Now, the new Government has the opportunity to set its own path for how it wants its Budgets to look.

“The coalition Government will not be following my predecessor’s approach of branding each Budget as a Wellbeing Budget, Finance Minister Nicola Willis said.

“However, the ultimate objective of the Budget is to improve New Zealanders’ wellbeing by funding effective public services, helping build a more productive economy, and managing government finances in a sustainable way.”

Willis would outline her Government’s wellbeing objectives when releasing her Budget Policy Statement on Wednesday.

And while she may have different priority areas to her predecessor – and she may not call it a Wellbeing Budget – it’s likely her Government would continue in the long-held tradition of spending the most money in wellbeing-focused areas, including social welfare ($42.9 billion in 2023), health ($26.5b) and education ($4.9b).

“Spending money doesn’t lead to wellbeing.

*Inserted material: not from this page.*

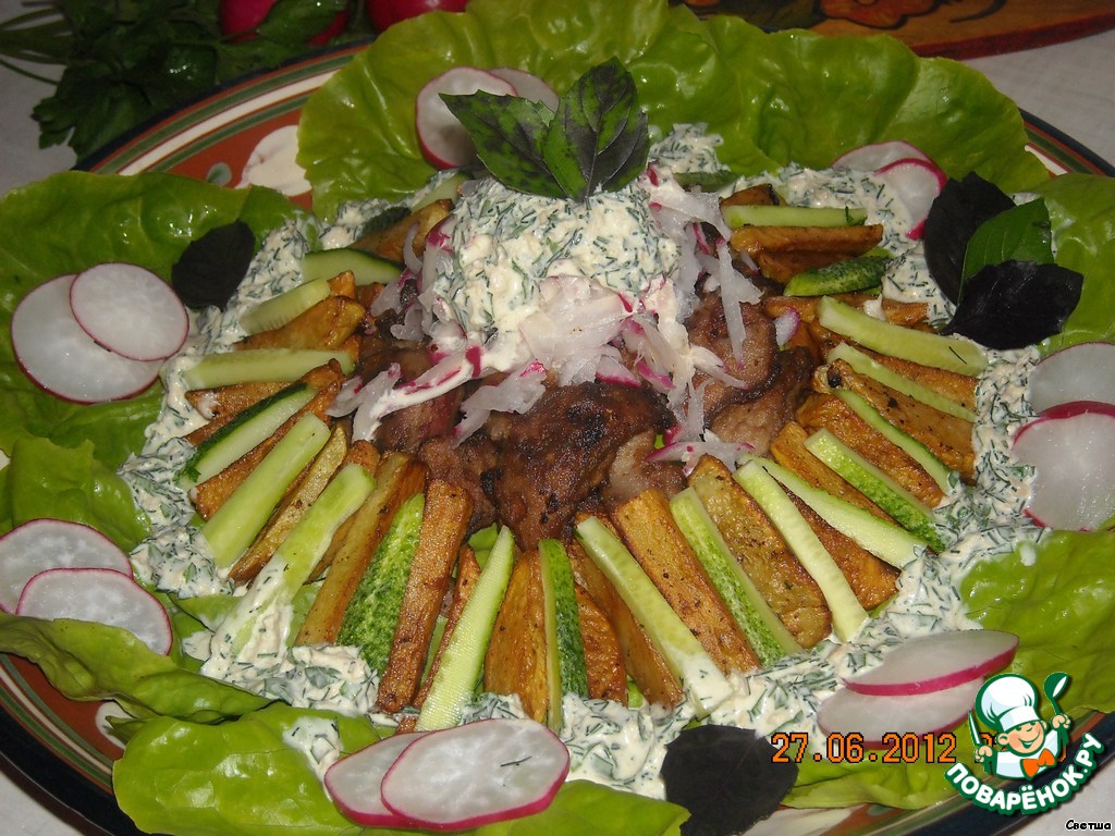 Блюдо выстилаем листьями салата, выкладываем горкой печень, вокруг печени укладываем картофель с огурчиками, сверху горкой натертый редис, поливаем заправкой и все - готово. Быстро, просто и вкусно! Приятного аппетита!
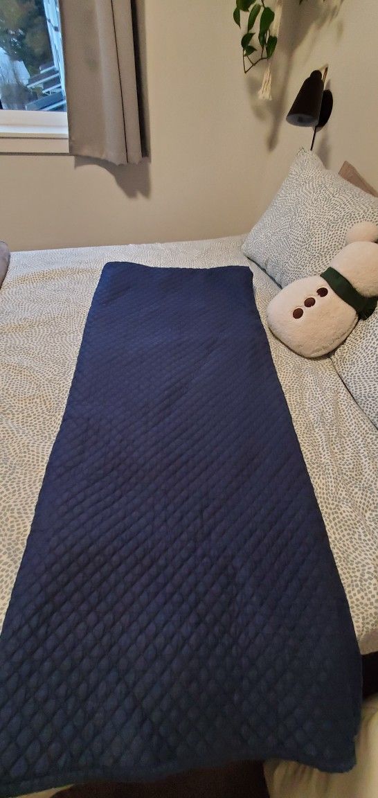 Dark blue, good condition. Quite heavy. Freshly washed and ready to go from a pet friendly home

Spending money is just spending money.”

Arthur Grimes

Arthur Grimes, former chief economist at the Reserve Bank, and now a professor of wellbeing and public policy at Victoria University School of Government, said the rhetoric around the so-called Wellbeing Budget was over-hyped from the beginning.

He challenged Robertson’s claim that it was the first in the world, pointing to frameworks such as Bhutan’s Happiness Index, or the Welsh Wellbeing of Future Generations Act.

The Welsh legislation, passed in 2015, has seven legally binding wellbeing goals including social cohesion, resilience and health. The minister for each of the public bodies included in the Act have to set themselves targets, then report on those targets.

Despite the fanfare in New Zealand in 2019, Grimes said the Welsh model was a more concrete example of a wellbeing budget, given the clear targets and measurement.

“Spending money doesn’t lead to wellbeing. Spending money is just spending money,” he said.

In fact, Grimes believed the previous National government – under the John Key-Bill English leadership – had something closer to a true wellbeing Budget, in the form of its Better Public Service targets.

Grimes also disagreed with the assertion that the country previously only cared about GDP, citing the massive Budget spends in social welfare, health and education.

In order to achieve a true wellbeing Budget, a Government needed to set justified priority areas, partnered with specific, evidence-backed targets.

This Government has repeatedly said it is “ruthlessly focussed on outcomes”, and has already begun to set key targets in areas like health, so it’s part-way there.

And despite Robertson’s regret at not moving further towards measuring the impacts of his Government’s investments, there were already frameworks in place to measure key indicators.

The Public Finance Act set out a framework that required each appropriation in the Budget to sit alongside an explanation of how performance against that appropriation would be assessed. 

Actual performance was reported in each department’s annual report.

Then those performance measures were collated by Treasury and laid out in its Living Standards Framework Dashboard.

While the official ‘Wellbeing Budget’ may be dead in the water, frameworks and priority areas that focus on wellbeing will live on. A wellbeing Budget, by any other name.